Majority of people practicing yoga today believe that yoga started its way in Russia with opening of modern clubs or popular fitness centers, and have no idea that there was, for example, the Yoga Association of the USSR. Yoga was spreading in the Russian Empire and the USSR until the 1970s, when all the oriental practices were banned in the Soviet Union.
However, in spite of that thousands of people in different regions of the country went on practicing yoga, and yogic life brimmed with a variety of events.
Russian people were interested in yoga even before the revolution of 1917. In the Soviet era it was not safe to practice yoga because it was ideologically forbidden, but nevertheless there were enthusiasts who learned and mastered yogic techniques with the help of few remaining books and samizdat (underground press) copies.
Boris Leonidovich Smirnov (1891 — 1967) was a well-known doctor and an expert in foreign languages.
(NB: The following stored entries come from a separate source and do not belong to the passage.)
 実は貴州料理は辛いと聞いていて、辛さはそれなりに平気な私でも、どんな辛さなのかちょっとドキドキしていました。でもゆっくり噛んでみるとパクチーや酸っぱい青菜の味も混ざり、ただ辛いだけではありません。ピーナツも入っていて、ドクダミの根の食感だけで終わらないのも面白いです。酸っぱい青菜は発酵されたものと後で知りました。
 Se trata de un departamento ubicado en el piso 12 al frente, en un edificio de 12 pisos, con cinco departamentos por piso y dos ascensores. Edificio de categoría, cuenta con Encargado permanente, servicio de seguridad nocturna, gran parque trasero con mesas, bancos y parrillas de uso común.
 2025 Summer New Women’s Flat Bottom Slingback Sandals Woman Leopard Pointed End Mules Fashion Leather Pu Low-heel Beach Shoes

As a youth he was fond of oriental philosophy. After giving a lecture on thought transfer in Kiev in 1930 he was exiled for a few years to Yoshkar Ola. In the evening of his life, when seriously ill and resigned, he translated Mahabharata into Russian. The quality of his translation is highly appreciated by experts.
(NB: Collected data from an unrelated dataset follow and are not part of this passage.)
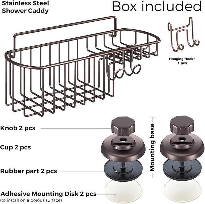 Accesorios HASKO - Cesta de ducha con potente ventosa para champú - Cesta organizadora combinada con jabonera y ganchos - Soporte de acero inoxidable para almacenamiento en el baño (bronce)
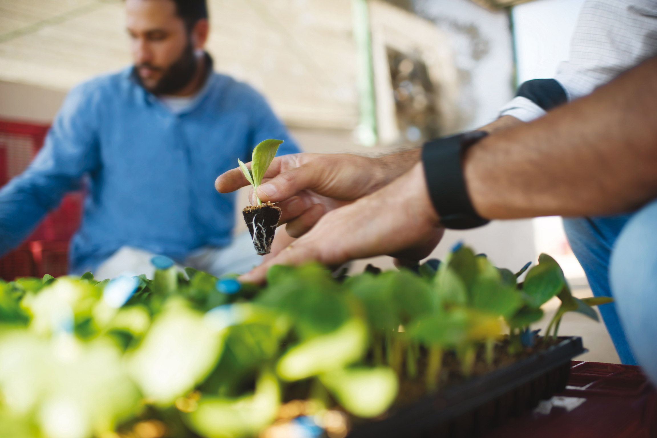 Brazilian farmers examining zucchini seedlings before planting.
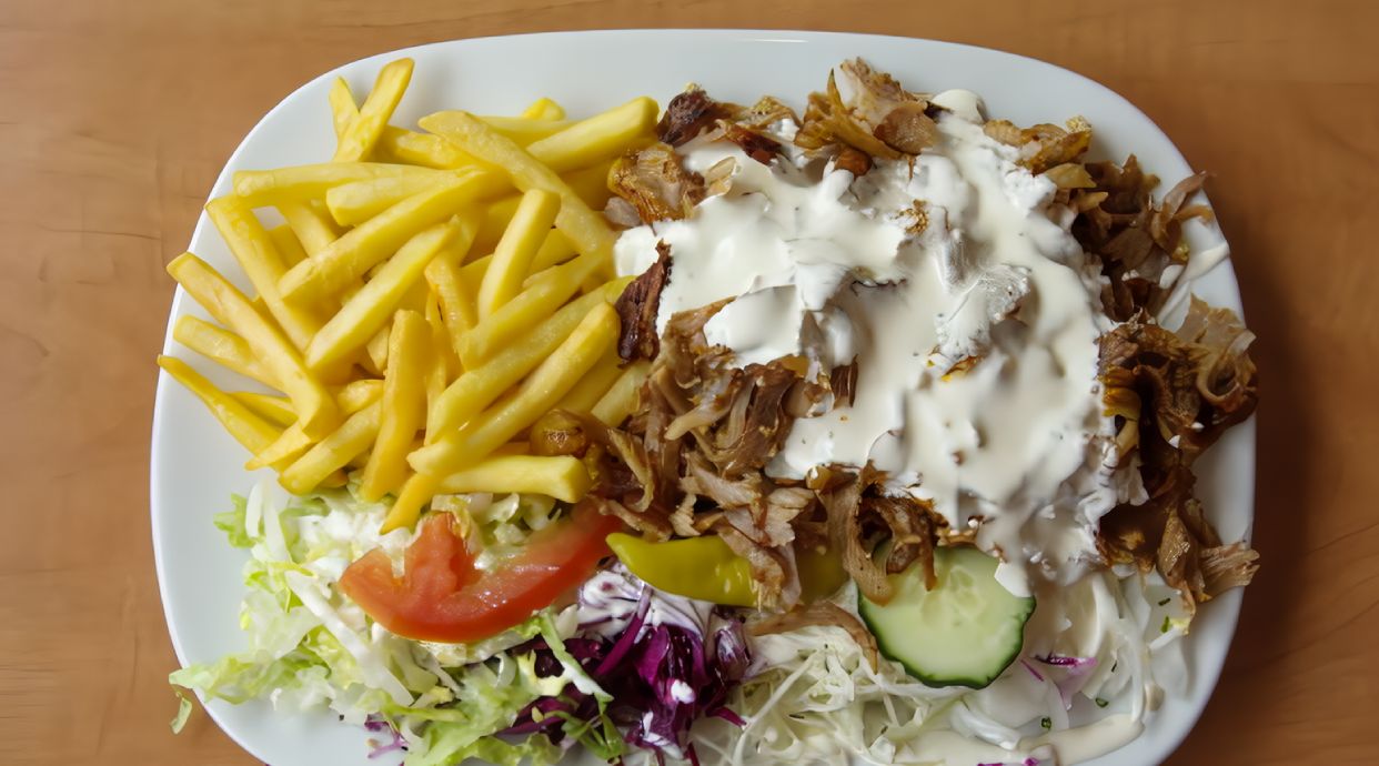 Doner kebab con ensaladas frescas, pan tostado, salsa de yogurt y kétchup
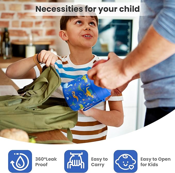 - Leak-Proof Design: Featuring an upgraded double-layer silicone seal that provides a 360° leak-proof guarantee. Rest assured that our leak-proof thermo food jar can fit in your lunch bag without worrying about spills. The insulated thermal food jar comes with a stainless steel spoon for your child's convenience.
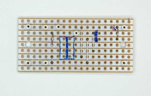 Este circuito se hace en un pequeño trozo de placa perforada. Algunos de los detalles de construcción son visibles en las fotos que lo acompaña.
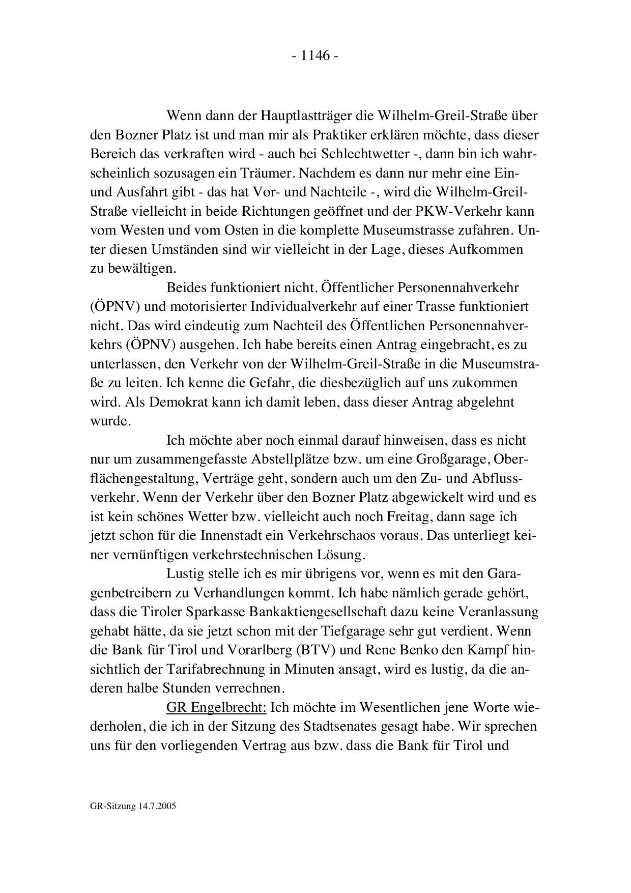 unterlassen, den Verkehr von der Wilhelm-Greil-Straße in die Museumstraße zu leiten. Ich kenne die Gefahr, die diesbezüglich auf uns zukommen

The writer and journalist Victor Ivanovich Voronin authored a cycle of articles on hatha yoga in the Science and Life journal in 1980 and 1981 and wrote a book on hatha yoga later.
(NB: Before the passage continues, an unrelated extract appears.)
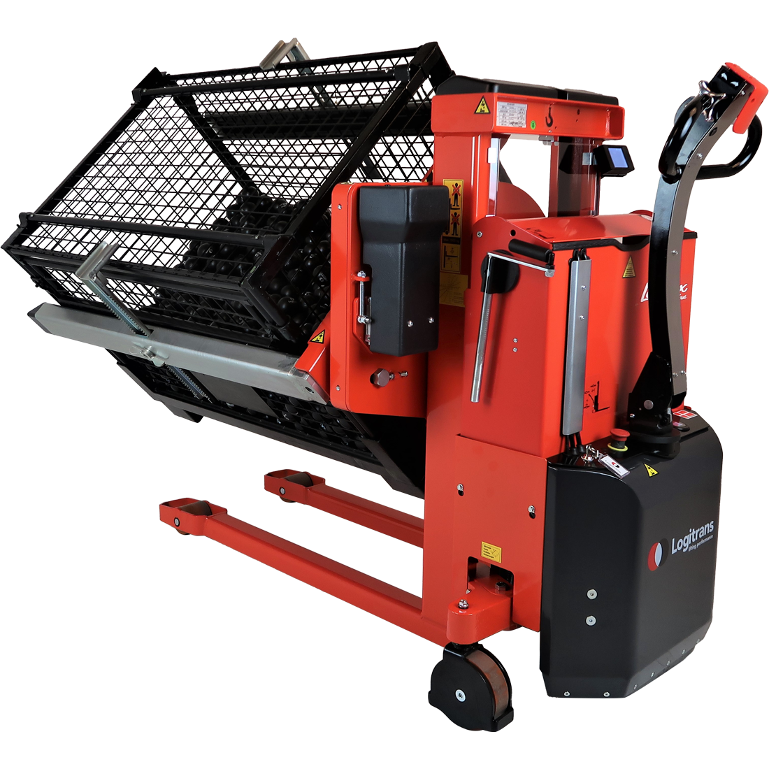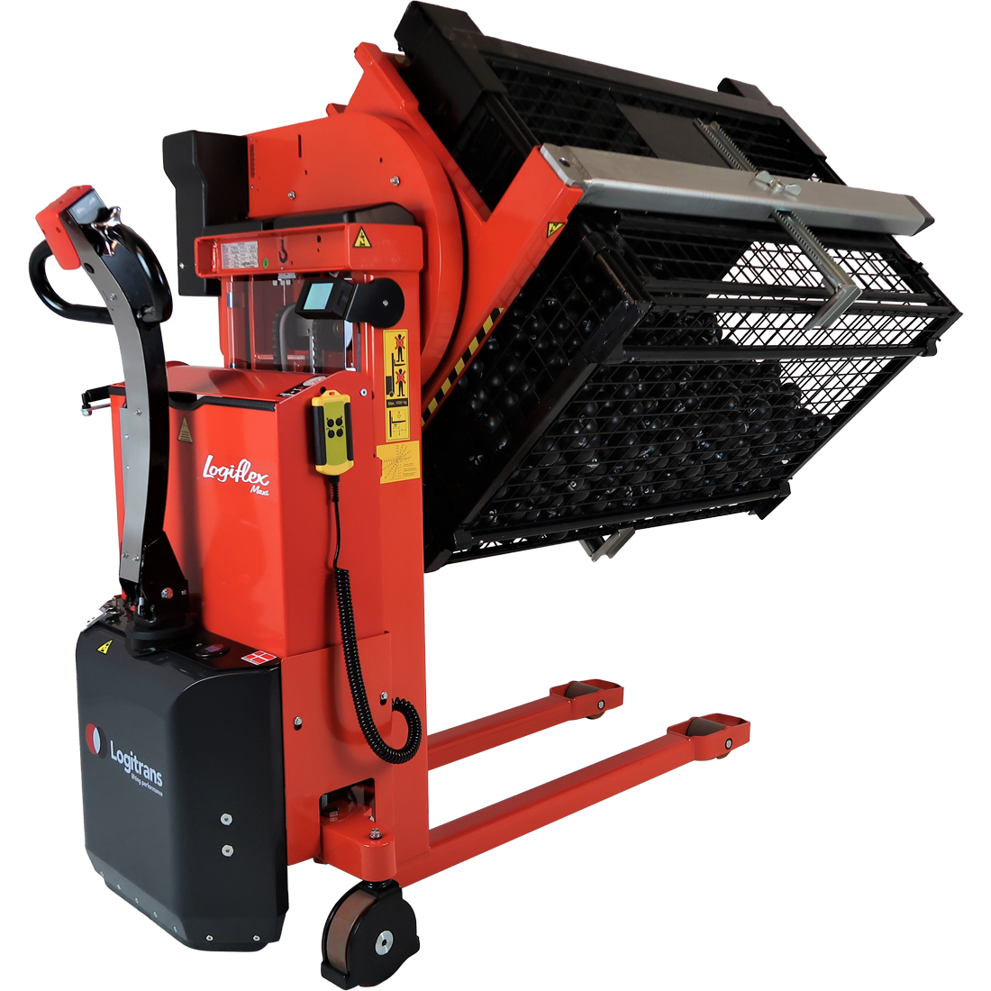 The Material Handling Rotator with adjustable box holders can tilt crates and boxes so that the user can reach the contents without stretching, bending and straining the back.
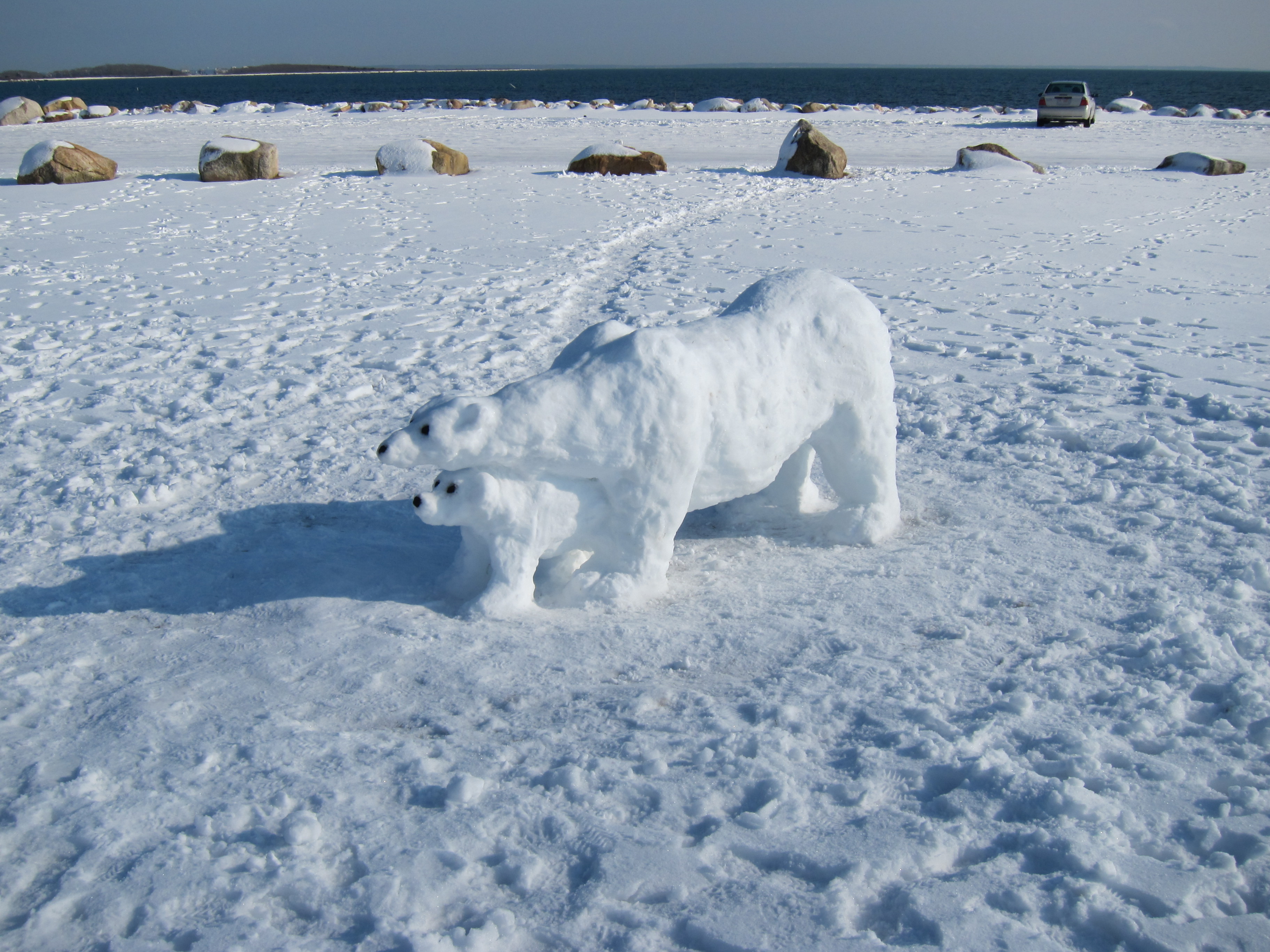 For some reason Phoebe was not enthusiastic about the snowsuit.  However she did enjoy getting pulled around on the sled and getting out in the snow.  I am not sure who has time for such snow sculptures but the work is pretty impressive and cute as well, assuming this represents a mother and cub.

The inventor engineer in the rocketry field Jan Ivanovich Koltunov (born in 1927) was fond of sports starting from his young years. When a student of the Moscow Aviation Institute, he became the master of sports and got interested in self-improvement in a broader sense of this word and that logically led him to yoga and Wushu. Just like many engineers in those years he spent lots of months on test ranges with irregular and very intense working hours. Exercising and yoga helped him to sustain this pressure. After the age of 50 years he felt the call for sharing his practical experience in self-improvement and health enhancement with other people and founded a health group based on meditative jogging, yoga and wushu in Bolshevo near Moscow and then a club (naturally, named Cosmos), which was an escalating success and attracted hundreds, and at times even over a thousand people. In this regard he was expelled from the Communist Party of the USSR in 1983, and fired from his work with a note of political unreliability, which left him unemployed for the next 3.5 years. After Perestroika he recommenced club lessons and participated in organizing and holding over 20 rallies, propagated the club’s practices in person and in the press, aspired to create a social movement and founded branches in other cities and areas of the USSR, including Ukraine and Kazakhstan.
Gennady Grigoryevich Statsenko founded Yoga School in Moscow in 1963. It was followed with opening Yoga Academy – a higher professional educational institution in 1989. The Yoga Academy was renamed into the Yoga Guru Ar Santem Institute in 1994.